Tuesday, May 26, 2009

'Do you want REAL health care?'

Matt Funiciello has another piece explaining his support for sensible (aka: single payer) health care.

5 comments:

Mark said...

I have no doubt that single payer will be here within a generation or two.
Though how we will be able to afford it when social security and medicare truly enter the red baffles me. Guess we'll print more money and raise taxes.

Matt Funiciello said...

Mark,

No one inside the avenues of power will ever advocate for or bring about single payer health care. We need to elect some human beings to office who have actually worked for a living before some simple math gets done.

Single payer costs less than we pay right now with universal coverage.

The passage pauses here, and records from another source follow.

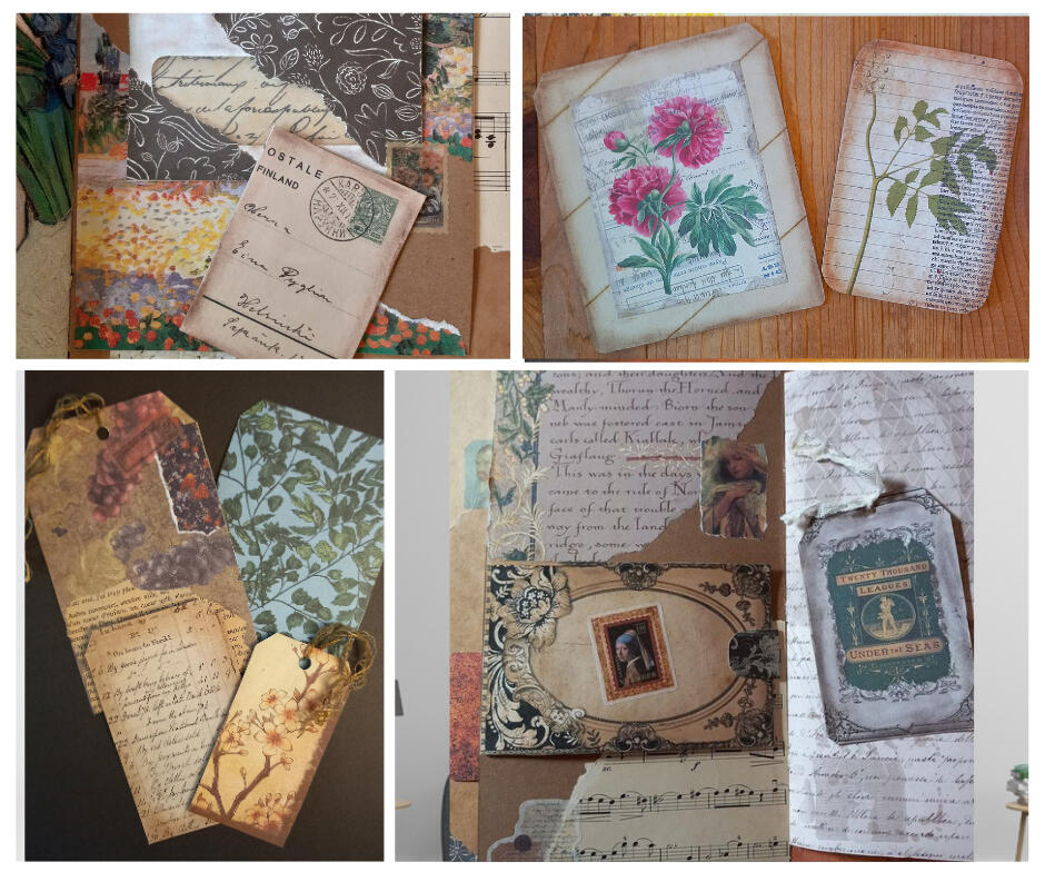 I am devoted to utilizing paper and lightweight cardboard materials that might otherwise be tossed into the bin. Creating mixed media and junk journaling supplies allows my love of up-cycling and art to merge.There are numerous forms of mixed media paper arts. However, the general definition of a junk journal states: A book that is hand bound using up-cycled materials. Old music sheets, book pages, junk mail, and packaging material can easily form page bases. Old ephemera such as stamps, postcards, and ticket stubs make excellent accent pieces. Paints, gesso, inks, and fabrics can add a whimsical mixed media element to these creations.Interested? I teach in person classes, perfect for small festivals, parties, and friends night in. These classes are geared toward beginner and intermediate paper artists. Please feel free to contact me for further information.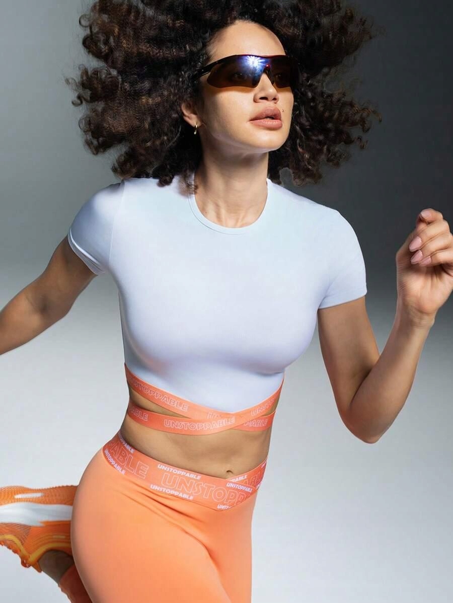 БІЛИЙ ТОП З КОРОТКИМИ РУКАВАМИ ОРАНЖЕВІ СМУЖКИ FIT SHEIN 40/42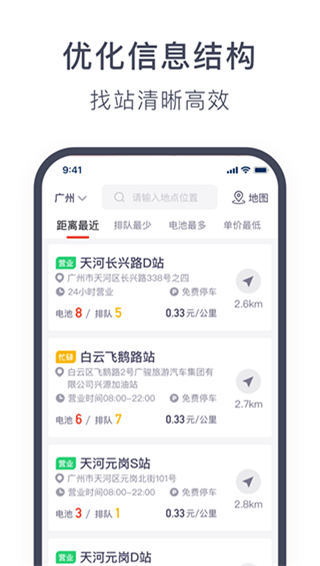 大家也可以自行筛选,根据距离最近、排队最少、电池最多等条件,可以找到最适合你的那一刻,到达后直接扫码充电即可,线上就是随时支付和查询你的订单情况。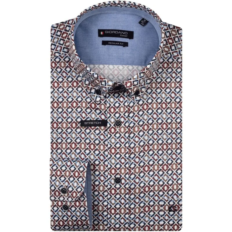 Casual heren overhemd van Giordano. Dit Giordano casual shirt heeft een button-down kraag en een handig borstzakje. Regular fit Borstzakje 97% Katoen/ 3% Elasthan Kleurnummer: 40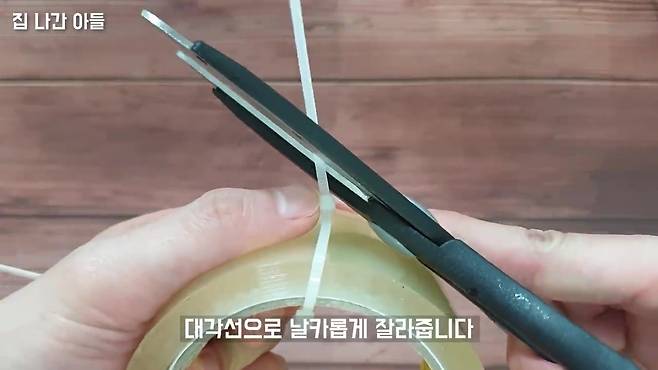 📌 준비물: 테이프, 케이블타이 테이프 중심에 케이블타이를 묶어주세요. 케이블타이 끝을 사선으로 날카롭게 잘라줍니다. 이제 테이프를 자를 때, 케이블타이 끝을 이용해보세요! 🔹 테이프를 깔끔하고 빠르게 자를 수 있어요.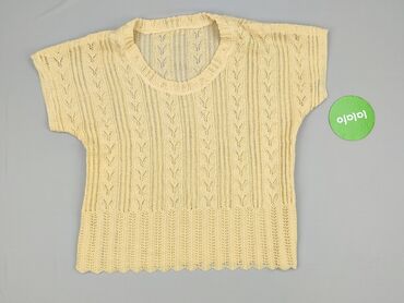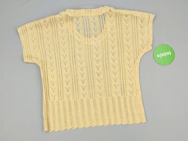 Przewiewny, ażurowy top damski w kolorze pastelowej żółci. - Krój: krótki (crop), luźny, z delikatnym marszczeniem/przeszyciem z przodu. - Dekolt: w kształcie litery V z przodu i z tyłu. - Rękaw: ...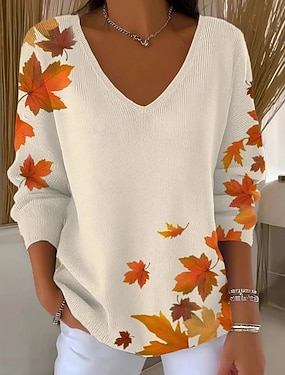 Női Pulóver Elegáns Divat Utcai sikk Virágos Grafika V-alakú Kötött Hosszú ujj Normál felsők Kötött Hétvége Sárga Gyömbér Ősz Tél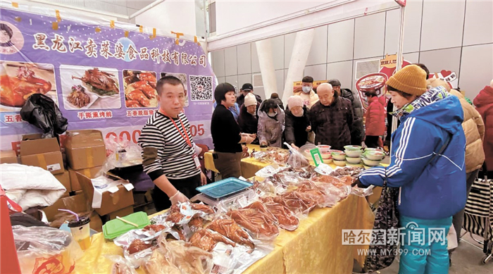 不远处,辽宁葫芦岛企业佐香园摆开了“流水席”。近10个锅灶现场制作酸菜炖白肉、香辣羊蝎子,咕嘟冒泡的炖菜香气弥漫开来,吸引人群不断聚集。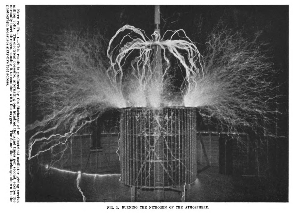 “The wizard at his Colorado Springs laboratory sitting among sixty-foot electrical sparks in this illustrious multiple-exposure photograph.”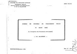 Répartition des personnels non-enseignants dans les établissements publics du second degré : lycées classiques, modernes et techniques, collèges d'enseignement technique, écoles normales d'instituteurs et d'institutrices. Répartition par académie, département de la France métropolitaine et des DOM.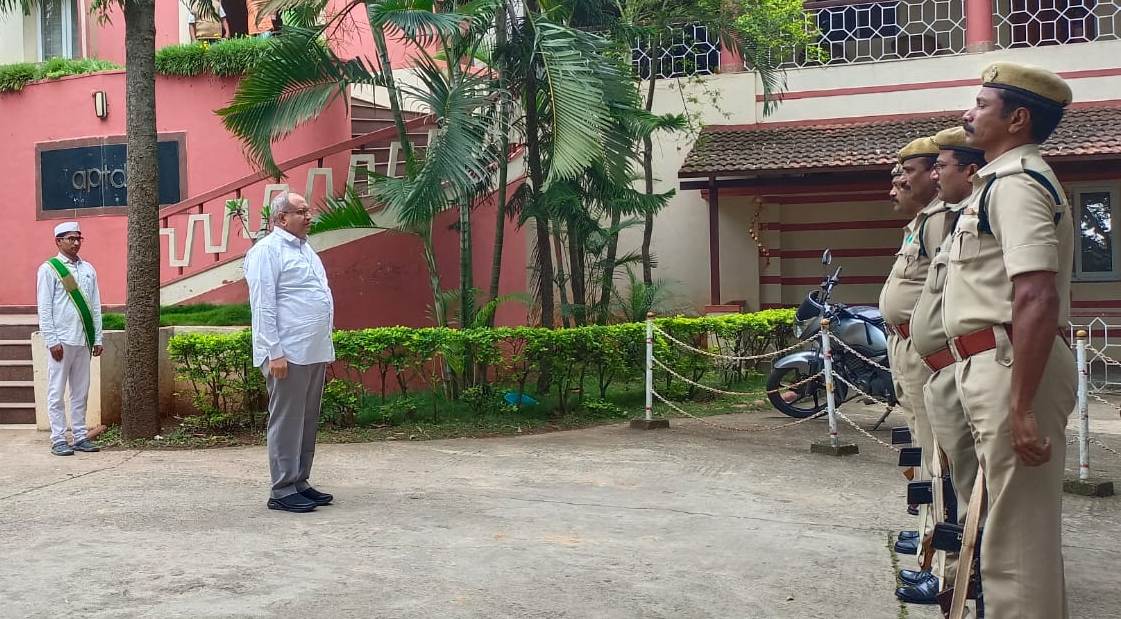 పోలీసుల నుంచి గౌరవ వందనం స్వీకరిస్తున్న హైకోర్టు జడ్జి మన్మధరావు
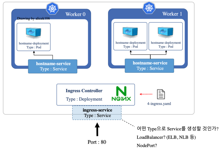 - 각 노드의 랜덤한 포트로 Nginx 인그레스 컨트롤러에 접근 가능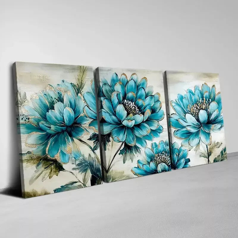 3pcs Beautiful Blue Flowers with Greenery Wall Art Set Canvas Framed 40x60cm - High Quality Print 100% Australian Made Wall Canvas Ready to Hang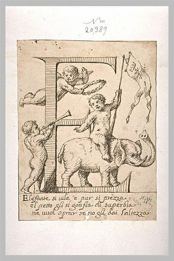 POP | Plateforme ouverte du patrimoineLa lettre E ornée de trois enfants dont un monté sur un éléphant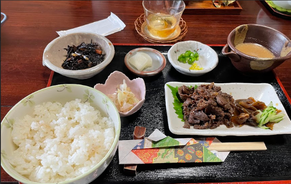 依山傍水的宅邸洋溢著純樸的鄉間田園風情,我們入內參觀時,連我們一共只有四人訪客.我想這個景點稱為臥龍山莊似乎有點誇大,不過既來之,則安之.我和老頭子還是找了個位置小坐片刻,好好地欣賞名將老宅的庭園景色.前往臥龍山莊時,我們路過一家主打鄉土料理的餐館,中午時分,我們決定就去吃那家的鄉土料理.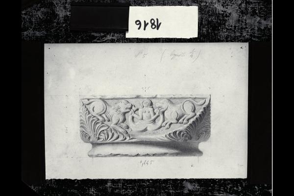 Chiesa di Santa Maria in Aurona a Milano, rilievo dell'apparato scultoreo: capitello figurato con leoni e sirena bicaudata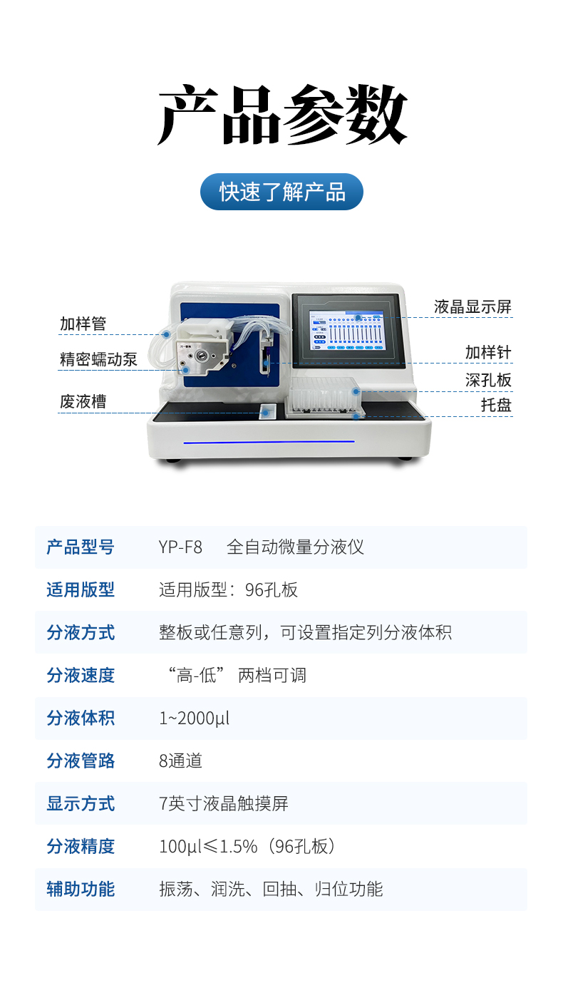 全自動微量分液儀(以下簡稱“分液儀”)是一種配備高精度蠕動泵的分液設備,能夠快速、精確、一致的完成自動化分液操作??蓮V泛應用于疾控篩查、食品檢測、動物檢疫、生命科學研究等領域。解放實驗員雙手,在提高效率的同時避免錯誤。

What smart countries have done is roll all medical coverages together so there is no overlap. Things like medicare and worker's comp (medical bills) and auto accident insurance are all covered by the same national medical plan. No redundancies.

We will spend $7900 this year per person (250 million covered). Thats just shy of 2 TRILLION dollars!

Universal single payer would cover 300 million at about $5500 - $6000 per person. Thats about $1.75 BILLION.

So, it would actually be cheaper to cover everyone. This is why the powers that be are bribing our politicians so hard. The HMO's currently make between 28-35% in profit and administrative costs. That will be reduced to about 2 or 3% like Medicare's current administrative cost, under a single payer system.

Mark said...

As someone who has dealt with the health care bureaucracy with some of his own medical problems, your analysis is intriguing. But I would very much enjoy seeing Mr. Funiciello's reasoning as to how this passes constitutional muster at all on the federal level. I am not convinced that putting more government regulations and money into our semi-socialized system (as government already pays about 50% of health care costs) into the quagmire is right, financially, legally or philosophically. Why was health care so much more relatively affordable 40, 50 years ago? I have heard that it was federal legislation that helped to essentially "create" the need for HMOs. In essence then, Uncle Sam helped create the problem in the first place.
I'd much sooner favor a standardized paperless medical database, which I have read could cut costs by 20-30%, than a full government takeover.
But like I said, the momentum is certainly with your movement, as history shows us that goverment power will keep growing. Give it a generation or two.

Matt Funiciello said...

Correction; I meant to say that a single-payer universal system would cost an estimated $1.75 "trillion" annually, not "billion".

Brian said...

I got to thinking... the biggest difference between Detroit and foreign automakers is not wages or costs of parts. It's the legacy costs of providing health care and pension to retirees. European and Japanese automakers don't have anywhere near those costs because those things are universal. They are provided to (and funded by) everybody. That gives them a competitive advantage. Foreign automakers may be taxed extra but the rate is stable and predictable, whereas Detroit's costs can vary wildly from contract to contract depending on negotiating skills, unions, economics and other factors.